■ Problem details:
Only one span of the listing below is wanted: the lines from the one with "Badcoe (far right)" through the one with "Mood lighting meets", reproduced exactly, both ends kept.

■ Supplied material:
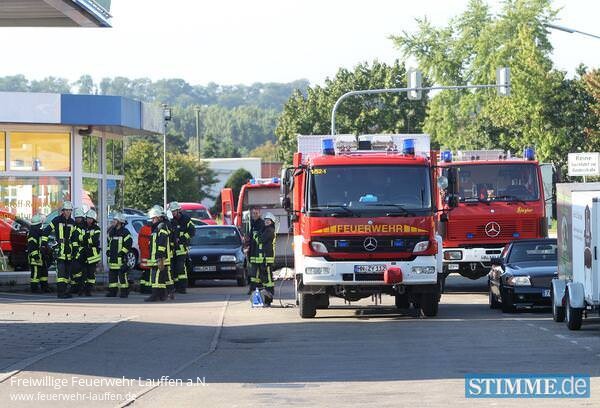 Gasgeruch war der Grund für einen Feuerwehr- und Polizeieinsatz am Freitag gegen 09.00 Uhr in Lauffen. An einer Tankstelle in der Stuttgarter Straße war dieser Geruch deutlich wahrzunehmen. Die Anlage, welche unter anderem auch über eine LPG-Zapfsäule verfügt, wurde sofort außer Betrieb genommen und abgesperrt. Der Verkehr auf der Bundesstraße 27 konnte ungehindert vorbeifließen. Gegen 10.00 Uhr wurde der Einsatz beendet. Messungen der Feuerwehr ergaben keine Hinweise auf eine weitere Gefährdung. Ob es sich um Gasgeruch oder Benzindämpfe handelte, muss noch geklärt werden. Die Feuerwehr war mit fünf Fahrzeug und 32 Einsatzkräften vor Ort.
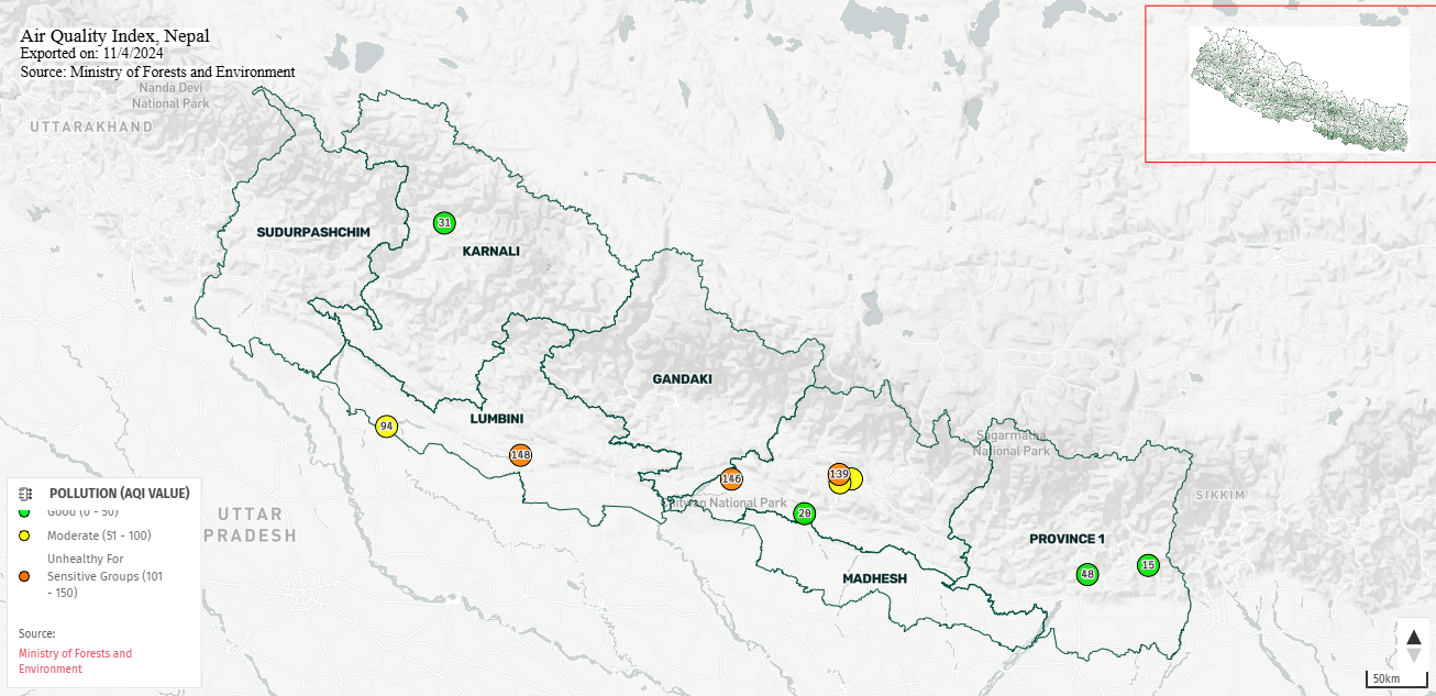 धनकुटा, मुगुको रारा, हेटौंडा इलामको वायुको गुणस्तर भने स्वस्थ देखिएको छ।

...

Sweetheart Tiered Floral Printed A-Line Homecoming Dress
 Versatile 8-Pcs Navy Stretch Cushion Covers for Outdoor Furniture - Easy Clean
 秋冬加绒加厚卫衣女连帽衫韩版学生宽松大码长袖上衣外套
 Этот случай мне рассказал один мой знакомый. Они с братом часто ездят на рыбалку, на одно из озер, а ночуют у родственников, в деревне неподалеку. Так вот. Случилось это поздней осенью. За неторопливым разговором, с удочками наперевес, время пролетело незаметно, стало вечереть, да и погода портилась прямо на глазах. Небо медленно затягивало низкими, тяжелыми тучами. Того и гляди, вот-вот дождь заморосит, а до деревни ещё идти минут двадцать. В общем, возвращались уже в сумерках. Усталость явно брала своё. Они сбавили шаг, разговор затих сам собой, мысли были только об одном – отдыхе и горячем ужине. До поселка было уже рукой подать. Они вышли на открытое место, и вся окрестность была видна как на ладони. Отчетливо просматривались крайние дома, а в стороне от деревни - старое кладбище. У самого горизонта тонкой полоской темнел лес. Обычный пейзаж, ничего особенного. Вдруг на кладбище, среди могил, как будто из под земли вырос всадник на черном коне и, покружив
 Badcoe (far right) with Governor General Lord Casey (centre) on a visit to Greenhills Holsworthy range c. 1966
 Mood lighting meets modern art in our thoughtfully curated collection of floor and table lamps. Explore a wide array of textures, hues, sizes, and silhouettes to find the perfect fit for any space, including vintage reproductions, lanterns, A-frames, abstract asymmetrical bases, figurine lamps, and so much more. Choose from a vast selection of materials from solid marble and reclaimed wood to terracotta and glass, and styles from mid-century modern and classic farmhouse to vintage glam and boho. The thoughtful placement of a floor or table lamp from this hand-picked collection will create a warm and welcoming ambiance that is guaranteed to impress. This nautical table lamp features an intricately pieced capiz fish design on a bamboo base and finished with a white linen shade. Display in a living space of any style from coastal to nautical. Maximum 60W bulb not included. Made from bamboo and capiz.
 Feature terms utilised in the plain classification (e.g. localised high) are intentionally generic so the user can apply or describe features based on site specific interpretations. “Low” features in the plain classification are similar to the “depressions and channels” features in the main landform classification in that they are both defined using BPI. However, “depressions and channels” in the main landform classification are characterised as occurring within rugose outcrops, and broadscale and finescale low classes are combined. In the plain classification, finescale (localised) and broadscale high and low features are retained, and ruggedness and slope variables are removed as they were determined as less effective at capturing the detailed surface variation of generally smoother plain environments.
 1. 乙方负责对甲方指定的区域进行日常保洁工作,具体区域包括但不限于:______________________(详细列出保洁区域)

■ Solved exercise:
 Badcoe (far right) with Governor General Lord Casey (centre) on a visit to Greenhills Holsworthy range c. 1966
 Mood lighting meets modern art in our thoughtfully curated collection of floor and table lamps. Explore a wide array of textures, hues, sizes, and silhouettes to find the perfect fit for any space, including vintage reproductions, lanterns, A-frames, abstract asymmetrical bases, figurine lamps, and so much more. Choose from a vast selection of materials from solid marble and reclaimed wood to terracotta and glass, and styles from mid-century modern and classic farmhouse to vintage glam and boho. The thoughtful placement of a floor or table lamp from this hand-picked collection will create a warm and welcoming ambiance that is guaranteed to impress. This nautical table lamp features an intricately pieced capiz fish design on a bamboo base and finished with a white linen shade. Display in a living space of any style from coastal to nautical. Maximum 60W bulb not included. Made from bamboo and capiz.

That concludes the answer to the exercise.